3 "The natural worth of anything consists in its fitness to supply the necessities, or serve the conveniences of human life." (John Locke, "Some Considerations on the Consequences of the Lowering of Interest, 1691" in Works, Edit. (London, 1777), vol. II, p. 28.) In English writers of the seventeenth century we frequently find "worth" in the sense of value in use, and "value" in the sense of exchange-value. This is quite in accordance with the spirit of a language that likes to use a Teutonic word for the actual thing, and a Romance word for its reflexion. [Marx.]

4 In bourgeois societies the economic fictio juris prevails, that everyone, as a buyer, possesses an encyclopaedic knowledge of commodities.

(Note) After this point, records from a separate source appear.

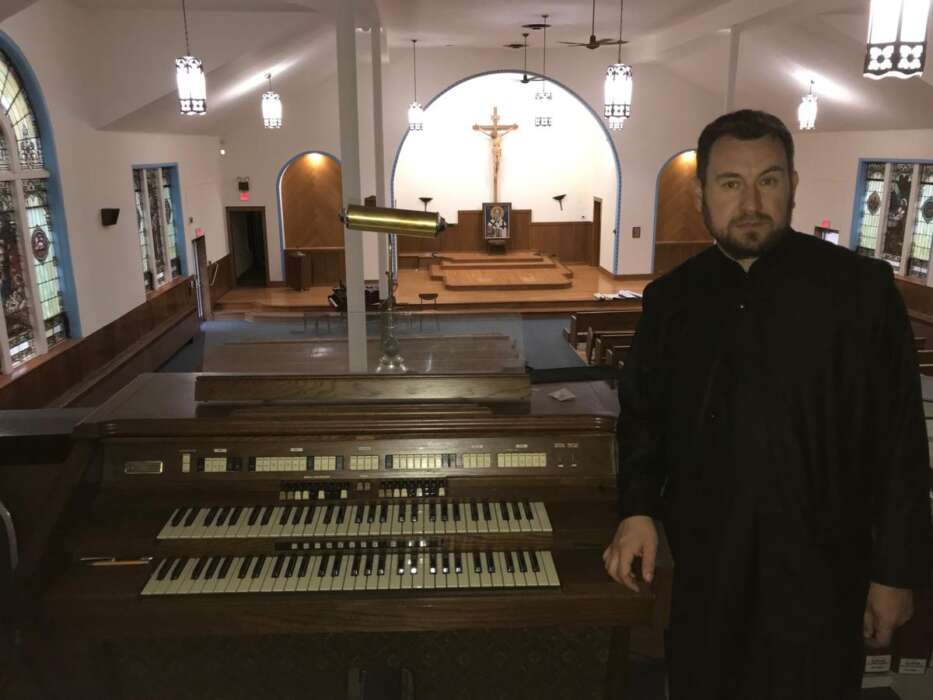 У НОВОЈ ЦРKВИ ДОВОЉНО МЕСТА ЗА СВЕ: Отац Немања Тешић испред будућег олтара и цркве Светог Николе у Лајонсу, предграђу Чикага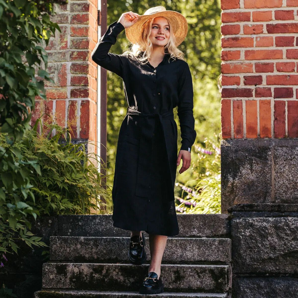 Täydellinen toimistovaate on täällä! Chloe Dress tiivistää kaiken, mitä siistiltä arkiasulta voi toivoa – mukavuutta, ryhdikkäitä linjoja ja laadukkaan, hengittävän materiaalin. Kaulukset ja skarpit leikkaukset tekevät mekosta ryhdikkään. Koko mekon pituuden kattava napitus mahdollistaa monipuolisia tapoja pukea midimittainen mekko. Vyötärölle asettuva kankainen vyö vain lisää sen monipuolisuutta sekä mahdollistaa säätää istuvuutta kantajalleen sopivaksi. Pellavan kevyt materiaali varmistaa niin mukavuuden kuin helman liikkuvuuden, joita halkiot mekon sivuilla tehostavat. Yhdistä siisteihin nilkkureihin tai rouheisiin maihareihin, läppärin vievään totebagiin ja toimistopäivän asu on valmis.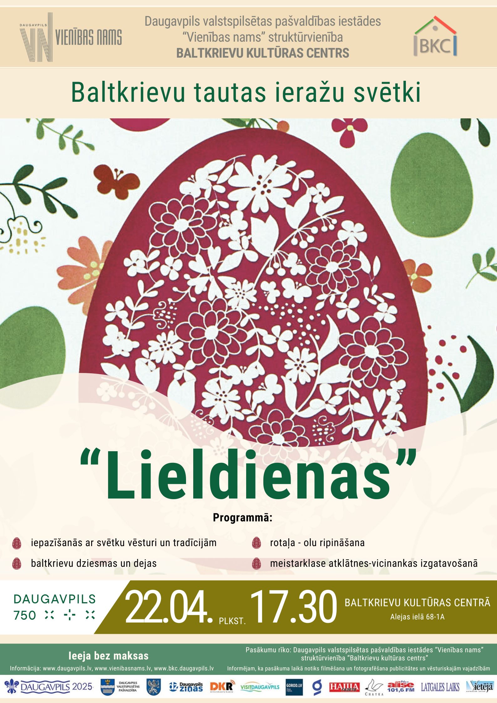 Apmeklētājiem būs iespēja iepazīties ar baltkrievu Lieldienu svētku vēsturi un tradīcijām, noklausīties baltkrievu tautasdziesmas, piedalīties rotaļā – olu ripināšana un Lieldienu atklātnes-vicinankas izgatavošanas meistarklasē. Pasākumā piedalīsies Vienības nama Baltkrievu kultūras centra amatierteātra studija “Pauļinka”, bērnu studija “Skārbnīca” un kora kapella “Spadčina”. Ieeja bez maksas.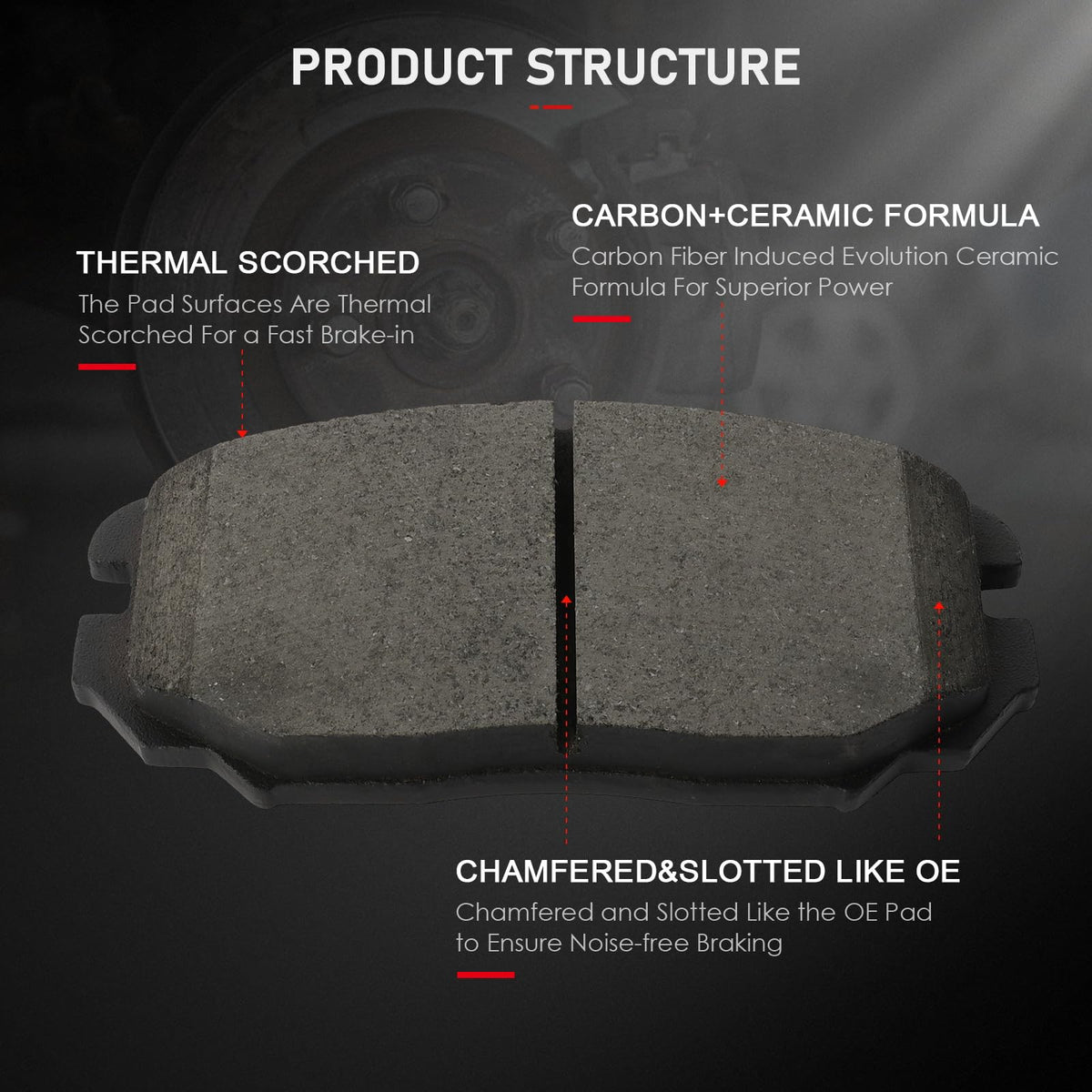 Cciyu D1125 Front Ceramic Disc Brake Pads Kit For Toyota Corolla 2009-2019 4Pcs
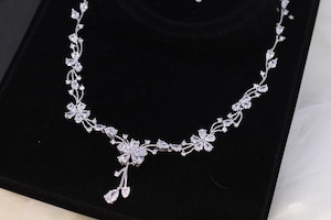 フェッテ・ネックレス・イヤリングorピアスセット ウェディングアクセサリー czダイヤ (npe0015)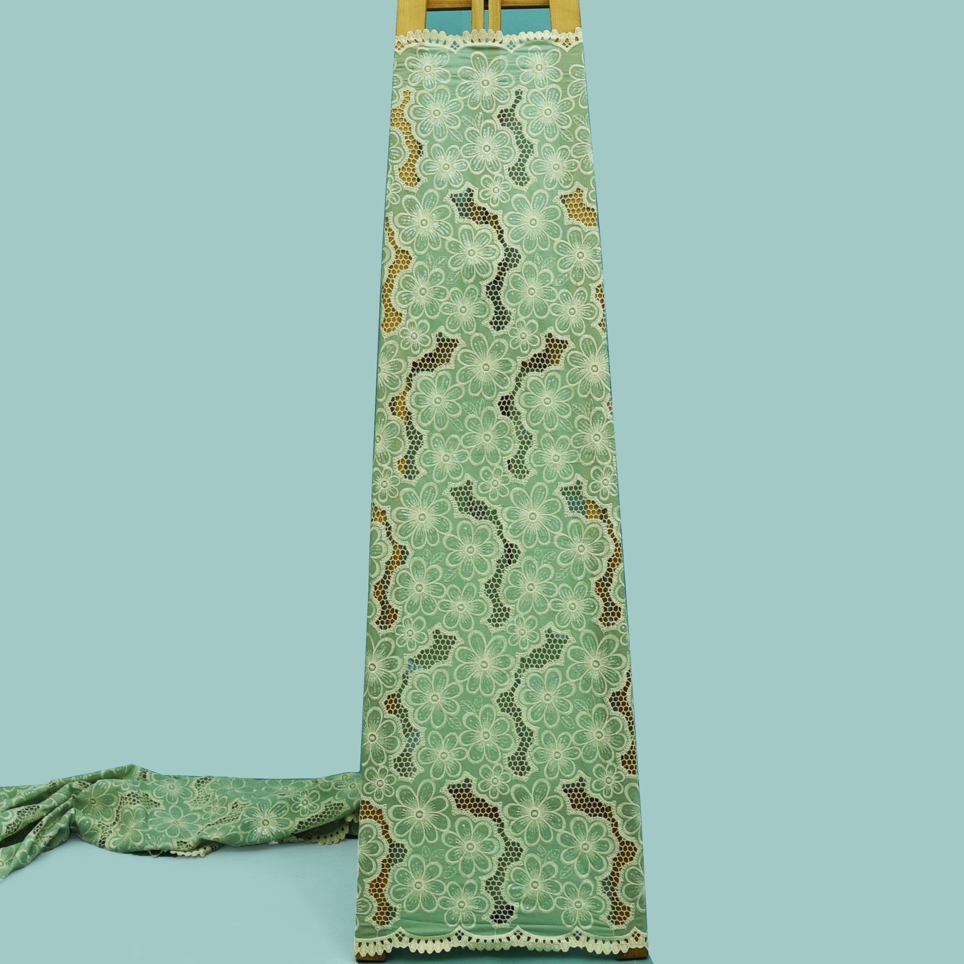 This Pista Green crepe embroidery fabric is perfect for creating stylish and elegant garments. Made from high-quality material, this fabric offers a smooth and comfortable feel. The intricate embroidery adds a delicate touch to any project. Elevate your creations with this beautiful fabric.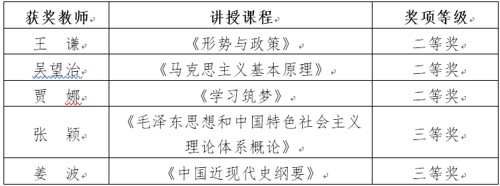 为深入学习贯彻习近平总书记全国学校思政课教师座谈会重要讲话精神,扎实开展思政课教育教学大练兵,推进提高思政课教师教学科研水平,充分展示思政课改革创新成果,日前,吉林省教育厅组织开展了2019年全省高校思政课“精彩一课”教学比赛。本次比赛分为初赛、复赛、决赛三个环节,根据近日省教育厅下发的《关于公布2019年高校思想政治理论课“精彩一课”评选结果的通知》(吉教思政办函〔2019〕10号),beat365官网推荐参赛的5名教师全部获奖,具体奖项如下: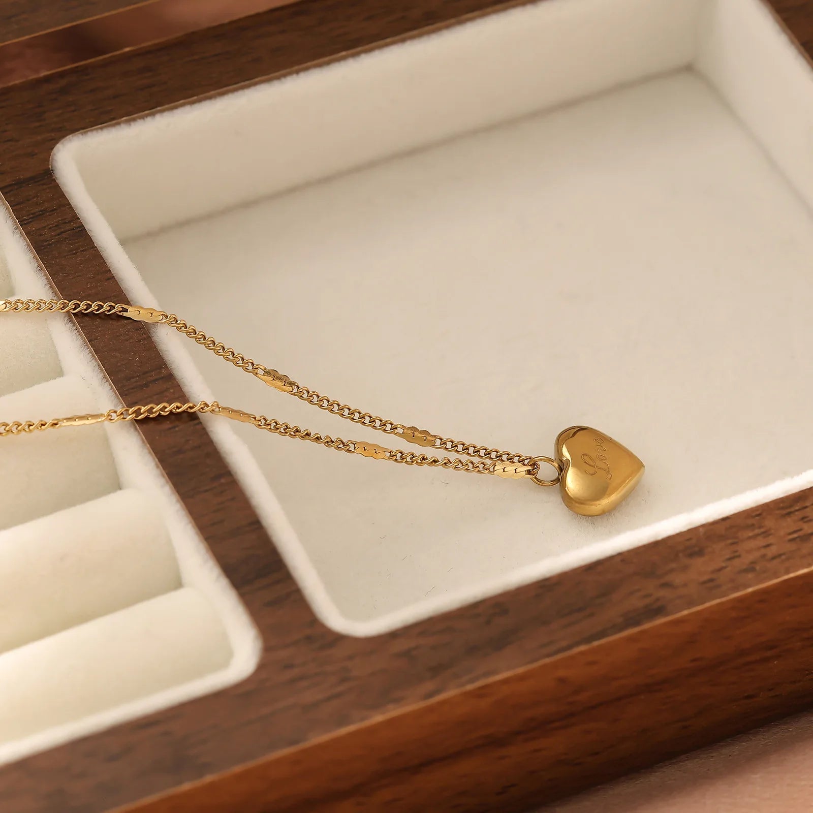 Goldene Halskette mit Herzanhänger – Edelstahl, glänzendes Finish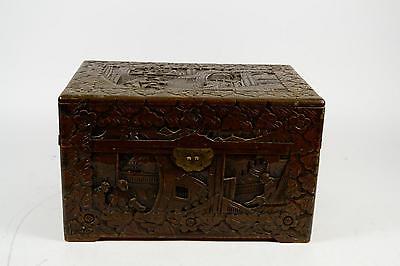 Vintage Chinese Hand Carved Wooden Trunk Trinket Chest Box
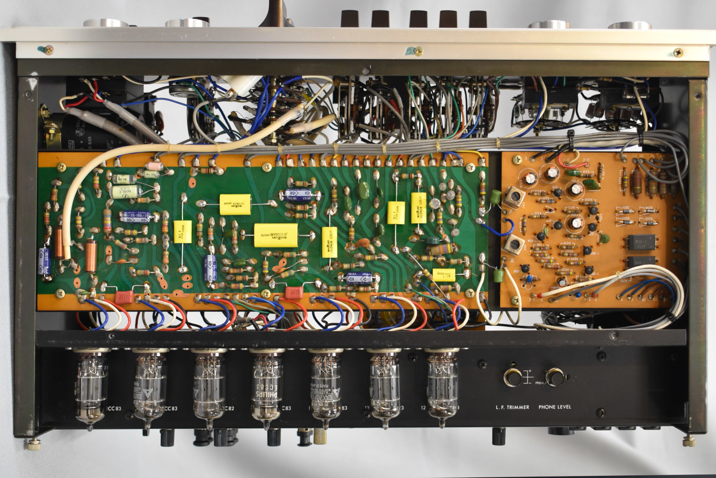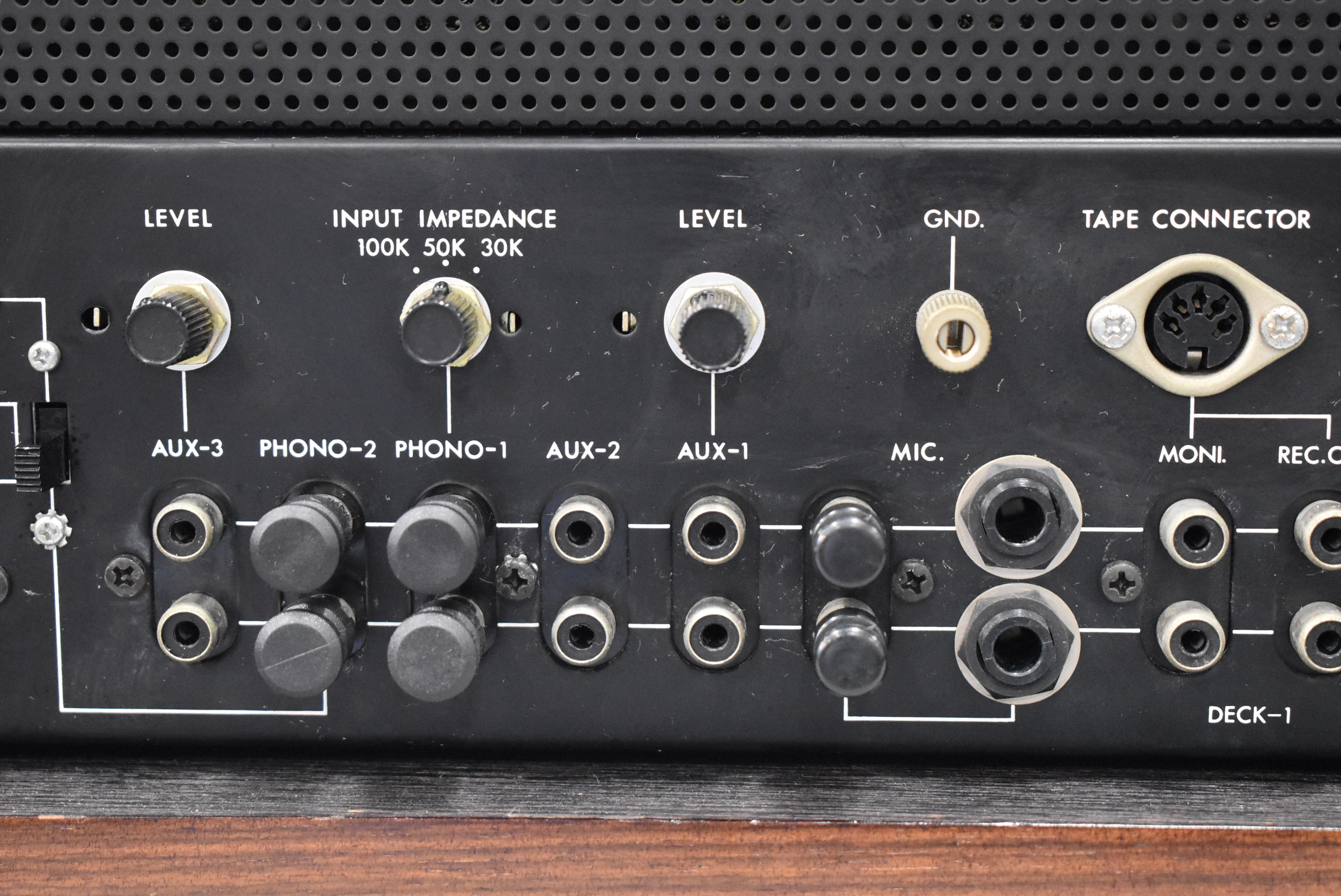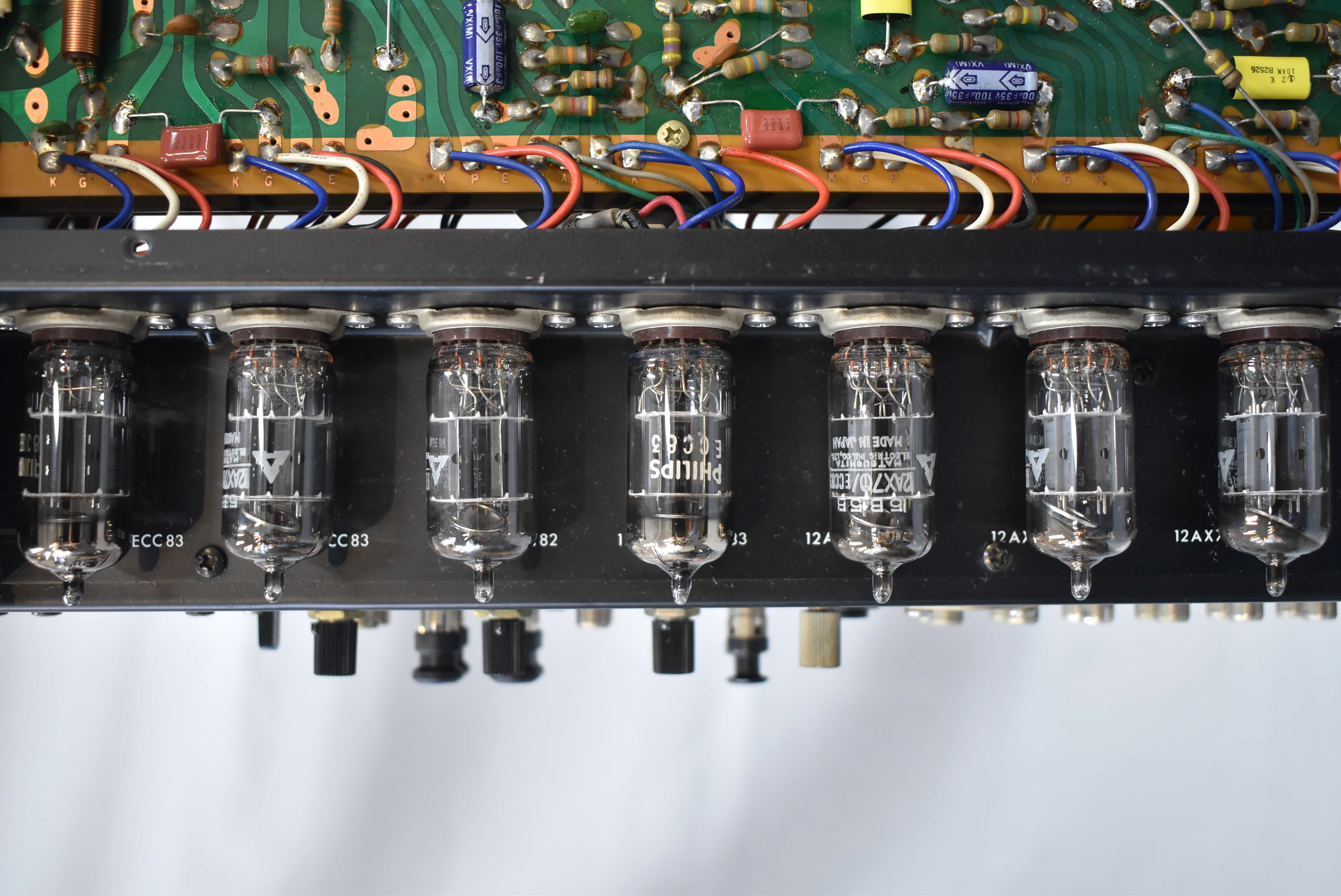 | 仕様 | ■型式:管球式コントロールアンプ ■周波数特性:15Hz~40kHz(-1dB) ■全高調波歪率:0.06%以下(出力2V) ■出力電圧:最大15V(歪率0.3%) ■出力インピーダンス:550Ω ■入力感度:PHONO1,2-2mV AUX1,3-120mV(可変) AUX2-120mV MIC-0.5mV ■SN比:PHONO-64dB以上 AUX-77dB以上 MIC-60dB以上 ■トーンコントロール:LUX方式NF型湾曲点切換付 ■使用真空管:12AX7×6本 12AU7×1本 |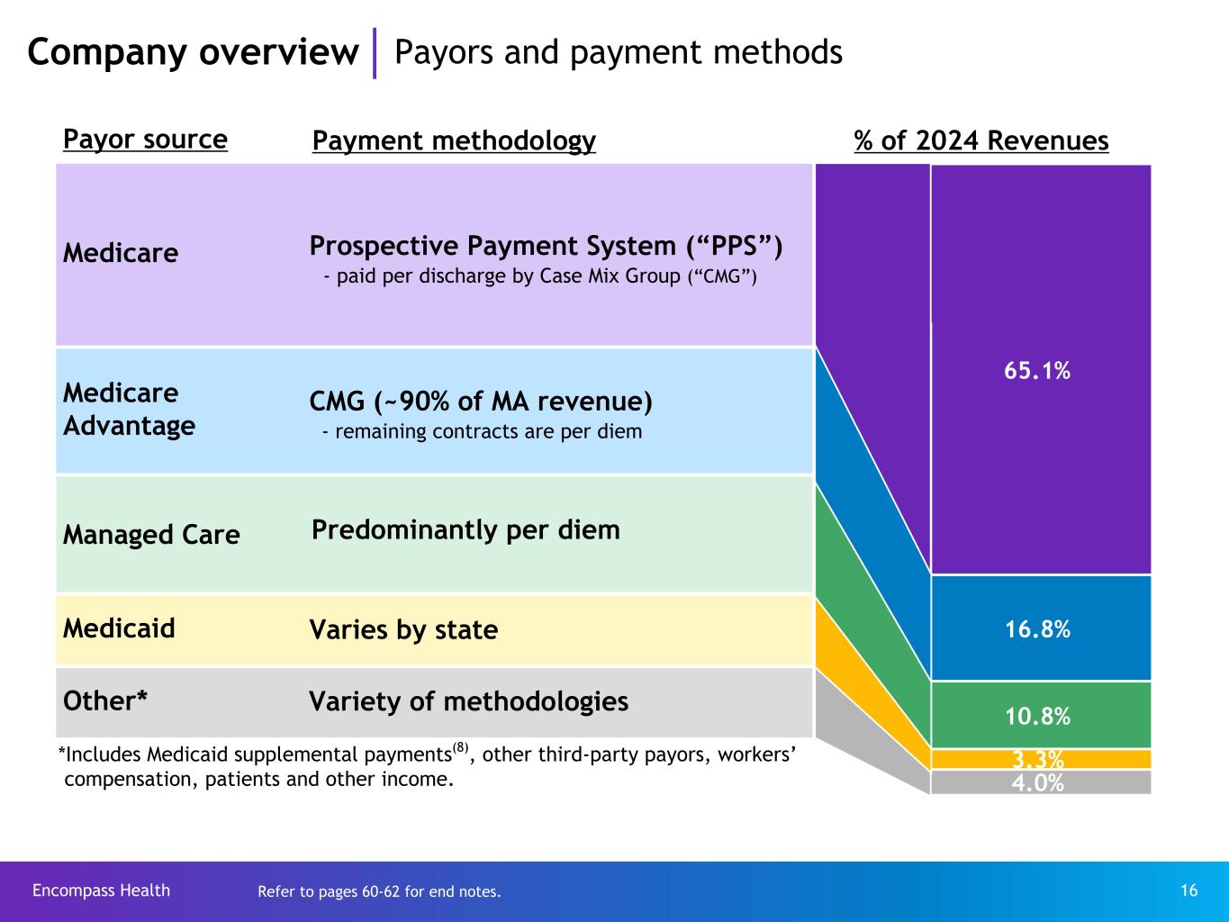 Encompass Health 15 # of IRFs Avg. beds per IRF Avg. Medicare discharges per IRF(5) Avg. est. total payment per discharge for FY 2026 Encompass Health(4) = 163 66 926 $25,357 Free-standing = (Non-Encompass Health) 226 55 586 $27,938 Hospital units = 776 25 207 $28,376 Total(6) 1,165 36 381 $27,220 Encompass Health’s clinical expertise and efficiency reduce high cost outlier stipends. As such, Medicare pays Encompass Health less per discharge on average despite comparable acuity, lowering costs for the overall healthcare system. Company overview Leading position in cost effectiveness – The average estimated total payment per discharge, as stated, does not reflect a 2% reduction for sequestration.(7) Refer to pages 60-62 for end notes. Encompass Health produces high-quality, cost-effective outcomes through: • “Best Practices” clinical protocols • Supply chain efficiencies • Sophisticated management information systems • Economies of scale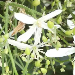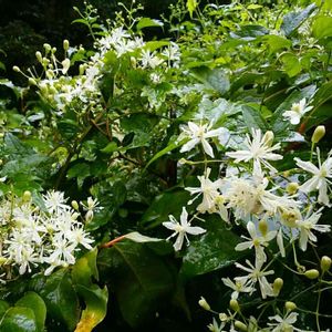 里帰り中に出会った花です 田園風景の中 木に絡みつくボタンヅルが 花盛りで 里山の風景を彩ります 日本産のクレマチスの お仲間です 葉に切れ込みがあり その葉がボタンの葉に 似ていることから その名前がついたと 言われています 花が見事だからと言って むやみに 手折らないでくださいね 毒性植物で 樹液で皮膚かぶれを 起こすこともあります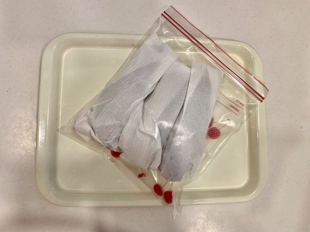 2.ザルに移して水気を切ってから軽く拭き取り、保存袋に入れる

5 "La valeur consiste dans le rapport d'echange qui se trouve entre telle chose et telle autre, entre telle mesure d'une production, et telle mesure d'une autre." (Le Trosne, "De l'Interet Social," Physiocrates, Ed. Daire (Paris, 1846), p. 889.) ["Value consists in the relationship of exchange between one thing and another, between one measure of production and another such measure."]

6 "Nothing can have an intrinsick value." (N. Barbon, 1. c, p. 6); or as Butler says - "The value of a thing is just as much as it will bring."

7 "What are we to think of a law that asserts itself only by periodical revolution? It is just nothing but a law of Nature, founded on the want of knowledge of those whose action is the subject of it." (Friedrich Engels, "Umrisse zu einer Kritik der Nationalokonomie," in the "Deutsch- franzosische Jahrbucher," edited by Arnold Ruge and Karl Marx (Paris, 1844).)

8 "A ridiculous presumption has latterly got abroad that common property in its primitive form is specifically a Slavonian, or even exclusively Russian, form. It is the primitive form that we can prove to have existed amongst Romans, Teutons, and Celts, and even to this day we find numerous examples, ruins though they be, in India. A more exhaustive study of Asiatic, and especially of Indian forms of common property, would show how from the different forms of primitive common property, different forms of its dissolution have been developed. Thus, for instance, the various original types of Roman and Teutonic private property are deducible from different forms of Indian common property." (Karl Marx, "Zur Kritik," &c, p. 10.)